Nunca entenderemos por qué los sindicatos han caído tan bajo, como no sea por un plato de lentejas

Aun con todo, los sindicatos han de saber que el primum vivere no es el "París bien vale una misa", atribuido a Enrique de Navarra, aquel hugonote convertido al catolicismo para aspirar al trono de Francia. Si siguen a Puigdemont, atravesarán desiertos para hacer sucesivamente la encerrona; la lucha; la matanza, la victoria y la caída, capítulos de aquel Brumario francés glosado por la pluma de Victor Hugo, tan dispuesto a la batalla de las letras como al fragor de la pólvora. Serán una réplica de la CNT que tuvo de guía a Francesc Layret, púrpura de honor incalculable, pero sin reparar en que muy pronto valdrán más barcos sin honra que honra con barcos.

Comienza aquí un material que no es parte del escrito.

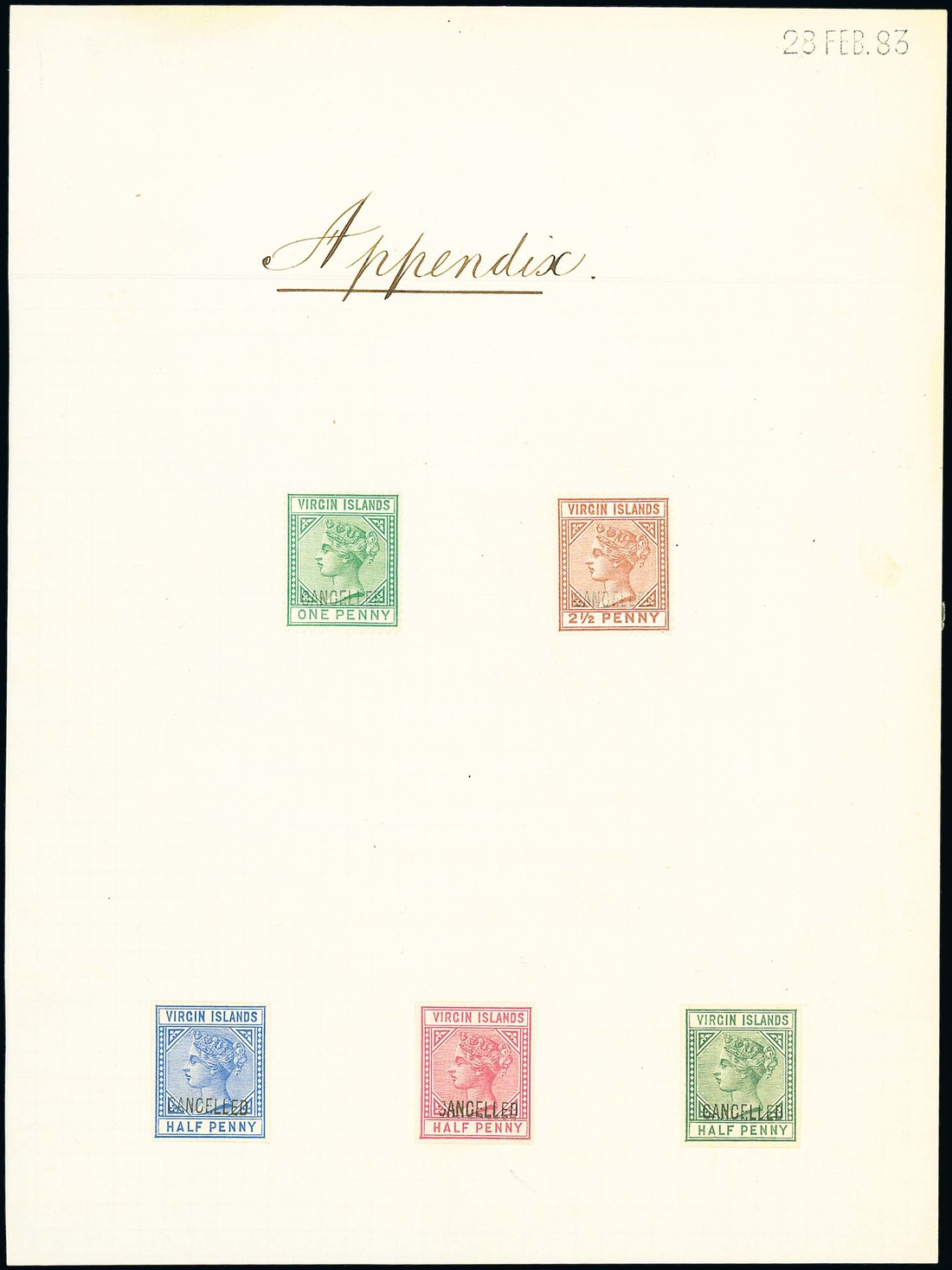 1883 (28 Feb.) "Appendix" sheet bearing ½d. (3) in blue, in red and in green, together with 1879-80 CC 1d. and 2½d., each handstamped "cancelled" (D7). Photo

Nuestra sociedad ha saltado de aquel principio del 15-M que decía "nuestros sueños no caben en vuestras urnas" hasta el corazón de la rebelión catalana. El primero viajó de la utopía a la gobernanza o de la ira al discurso; la segunda ha ido del golpe institucional a la soledad de la calle, donde mandan ANC, Ómnium y el Comité de defensa del Poble Sec, pongamos por caso, y donde vagan millares de jóvenes en algarabía constante clamando contra Leviatán (el Estado español) en nombre del soberano negativo (Puigdemont). Veníamos de la insumisión y hemos instalado la barricada en las calles oscuras de Ciutat Vella, que hacen las veces de Guillerías en la ensulsiada ultramontana de Savall. Hemos viajado del rojo al gorro frigio; y del negro a la boina orlada del último requeté. Nuestro miedo, diría Innerarity, está siendo agitado por quienes quieren gestionarlo.

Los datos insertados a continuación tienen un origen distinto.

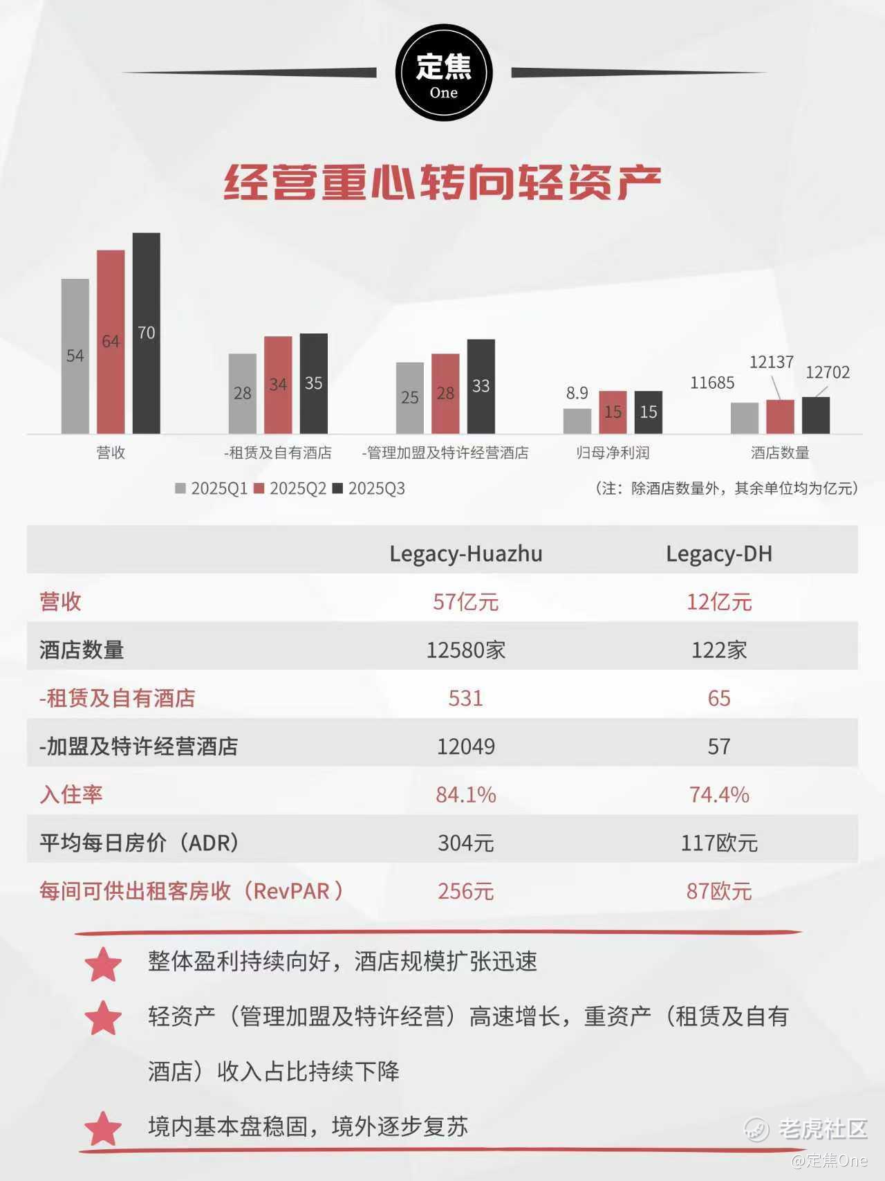 报告期内,总收入达70亿元,同比增长8.1%,超过此前业绩指引上限。其中,华住中国收入同比增长10.8%至57亿元;Legacy-DH(指欧洲业务)收入为12亿元,受汇率及区域市场波动影响,同比下降3.0%。

De gestión del miedo saben algo Diego López de los Cobos, coordinador del mando único de la operación Copérnico que nos costó 800 heridos, y el secretario de Estado de Interior, José Antonio Nieto. Saben algo, pero de lo que no saben es de gestión de la fuerza, a la vista del pastel del pasado domingo. Para qué tanto ruido y tan pocas nueces si, al final, el Govern hizo públicas sus cifras de voto a mano alzada y voluntad propia. Lo de los 2,2 millones es un pucherazo que estaba cantado, pero señores de Interior, para evitar esta mascarada no hacía falta tanto palo. La historia no les juzgará, lo hará Europa y será hoy mismo y también mañana en el Parlamento de Estrasburgo. Los informes de Rupert Colville, portavoz de los Derechos Humanos de la ONU, y el diputado estonio, Artur Talvik, corren por las mesas de los altos cargos de la Comisión e inundan las cancillerías. Al final, Raül Romeva se la ha colado a Dastis.

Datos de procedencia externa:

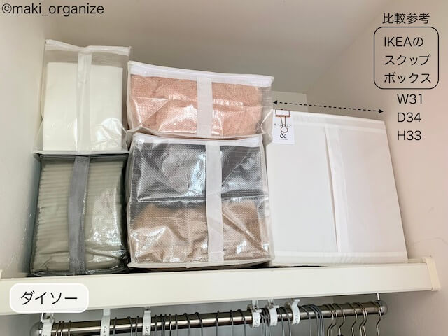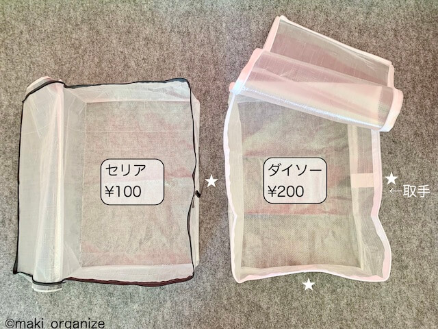 サイゾーウーマン暮らし住まいダイソーとセリア「クリアボックス」プロが紹介 暮らし 伊藤まきの「お片付けSOS」相談! ダイソーとセリアから登場! 収納のプロたちが歓喜「フタ付クリアボックス」詳細紹介【サイズ・色・使用実例】 2022/03/28 19:50 伊藤まき(収納ライター) 「お片付け・お掃除SOS」伊藤まき ダイソー「クリアボックス」、実際のサイズ感は? 2色展開のグレーも用意しました。(C)maki_organize ダイソーの「クリアボックス」3種類を、ニトリのカラーボックスにイン。ビニールの生地が厚めなので、四隅がしっかりして安定感があります。大きなポイントは、取っ手の紐が長い点です。高所に置いても、出し入れしやすいデザインですが、どこかで見た記憶がありませんか? クローゼット上段に最適! 長い取手は、取り出しやすさナンバーワン!(C)maki_organize ダイソー「ふた付収納ボックス」3種類を、クローゼット上段(奥行き40cm)にイン。右端に、IKEA「SKUBBボックス(1,799円、3P入り)を用意しました。こうして並べると、取っ手のデザインが同じですよね! 紐が長いと使用者の身長に最適の位置で、簡単に出し入れができます。 各メーカーの良い点をしっかり研究した、ダイソーのこだわりを感じます。次に、セリアとダイソーの違いを比較してみましょう。 [比較] ダイソー1/2サイズのみジッパーの開け方が違います(C)maki_organize 価格面ではセリアの2倍のダイソーですが、生地の厚みと取っ手のデザインが豪華に感じます。また、素材も違います。ダイソーは、ポリプロピレン(PP)製で食品の保存容器などの材料。無印良品の衣装ケースも、PP素材なので聞き覚えがあると思います。一方のセリアは、ポリエチレン(PE)製でポリ袋などに使われるようです。 衣替えの洋服、バッグの保管、小物の保管などならセリアで間に合う一方、以下の3つに当てはまる場合は、ダイソーがおすすめです。 (1)手を伸ばす高所へ置きたい (2)漫画やストック品など、少し重めのモノを保管したい (3)生地のシワ付きを抑えたい 素材がしっかりしている分、お値段アップとなったのかなと筆者は感じました。 次に、「何を入れたら良いの?」という問いに答えます。 次のページ セリア・ダイソー「クリアバッグ」使い方! 前のページ12345次のページ 楽天 収納力グンとアップ! 100円グッズ活用術 関連記事 収納のプロが大人気「ハンギングワイヤーバスケット」をキャンドゥ・スリコ・IKEAで比較! 9通りの使用実例無印良品と比べて納得! 収納のプロが、3COINS(スリーコインズ)「クリアボックス」を指名買いのワケダイソー・セリアの「白ボックス」一択! 100均「スクエアボックス」でカラボ収納を極める収納のプロが選ぶ、セリア「100均ファイルボックス」! キッチン・クローゼットの使い方実例100均「透明ボックス」収納で“賞味期限切れ”一掃! 食品ストック癖は年8万円のムダだった

Para qué tanto ruido y tan pocas nueces si, al final, el Govern hizo públicas sus cifras de voto a mano alzada y voluntad propia

A medio camino entre el lock out y la huelga pura y dura, lo de ayer tuvo el toque 1988 (Nicolás Redondo contra Felipe González) y el sabor antiguo de la Huelga de Tranvías. No convenció a nadie, menos a los 170.000 funcionarios públicos a los que la Generalitat, a final de mes, no les restará horas de sueldo. Este 3 de octubre será recordado como la huelga de lo público contra lo privado. El señor del colmado de la esquina está cabreado porque ha perdido un día de facturación y sus dos empleados ocho horas en su salario. En la sociedad posheroica, el personal se pasa por el forro las apelaciones a la épica y el resistencialismo. Pero, atención, quedan los alterheroicos, una especie de asilo de la nostalgia; y son muchos.

Luchar contra los excesos de la policía es más romántico que hacerlo por un repunte del sueldo. Conscientes de ellos, las confederales de UGT y CCOO, secundaron ayer la llamada sin entusiasmo. La democracia ha metido a las centrales en el vacío posmoderno y ha convertido a los rebeldes en bohemios cool. Estos últimos han perdió en comprensión lo que han ganado en satisfacción. ¿Están ya incapacitados para el combate social? En el lenguaje de los sindicatos, sí. En el del poder, no. Ahí, en el poder, se entrecruzan con los intereses de Cecot, la otra cara, resumen de la sencillez que aprobaría Guillermo, el monje de Ockham que nos protege.

La guerra social utiliza el lenguaje de las masas, no el de la ley, lo que explicaría la visibilidad de la narrativa (Puigdemont), frente a la oscuridad de la razón (Rajoy). Y las centrales, UGT y CCOO se han subido a la primera en busca de discurso como lo hizo la CNT republicana en los años 30. Pero han utilizado el mismo peldaño: la nación, el último eslabón del pensamiento débil.